🟢 Training Language Models for Self-Correct via Reinforcement Learning

How do current approaches instill self-correction?

Prompt-engineering: Generally doesn’t work.
Fine-tuning: Require multiple models, like separate verifier or ORM/PRM reward models.

This paper requires only one model and intrinsically corrects errors without external feedback.

Problems with Supervised Fine Tuning (SFT)

SFT approaches that fine-tune on some data collected from a base model scale well on single-turn reasoning problems.

These methods improve self-correction over the base model, but they fail to achieve substantially positive self-correction.

Thought: But their goal isn’t self-correction? What if fine-tuned base model gives good enough accuracy already?

Our approach of within turn might even work better. We train on good data, but also when an LLM eventually goes to a wrong direction, we might be able to steer it towards the right answer.

Current attempts that fine-tuned an LLM to do self-correction fail in these 3 aspects.

Collapse / Minor edit: Stay at the initial response and make minor changes only.
- Mainly visible in the + datasets which include correct-correct trajectories.
- The expectation was to reduce wrongly changing correct to incorrect.
- Concrete explanation not provided.

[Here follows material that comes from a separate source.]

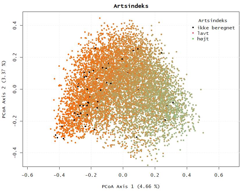 Netop dette afspejles også i PCoA-ordinationen med Artsindeks, figur 11. For nogle dokumentationsfelter er artsindeks ikke beregnet (sorte punkter), de fleste af de sorte punkter ser ud til at ligge i området for ikke beskyttede arealer, det kunne være interessant at undersøge, hvorfor disse arealer ikke har fået beregnet artsindeks.

Seems that SFT induces behavior of not wanting to change the response at all.
  - Training on Pair-SFT has little benefit to self-correction. Accuracies on both turns are similar. SFT is just learning to give the best output. Maybe the diversity in incorrect-correct pairs is just helping it to produce good responses. (Correct responses produced in the first attempt can also be used to make a multi-turn incorrect-corect pair.) So, it seems to be learning to make good answers no matter the turn?
  - Training on STaR changes correct to incorrect. It doesn’t have clear understanding of when to make modifications. Because it’s not trained to do that! Training on STaR+ which has more correct-correct pairs seems to prevent the model from erroneously revising a correct response, but no major self-correction improvement. But it also biases the model to not change the answer too much.
- Looking into edit distances between two responses, SFT models tend to prefer not changing the responses too much.
  - STaR produces similar edit distance ratios on both train and validation sets, but for Pair-SFT it doesn’t like to make too many changes. Meaning that Pair-SFT is not effective at generalizing to new problems from the same distribution. (for questions that require major changes, it won’t change it too much)
Lack of independence: Some need external knowledge sources: like verifier or outcome/process reward models.
Distributional shift: Training dataset that is not from the LLM itself, causing distributional shift.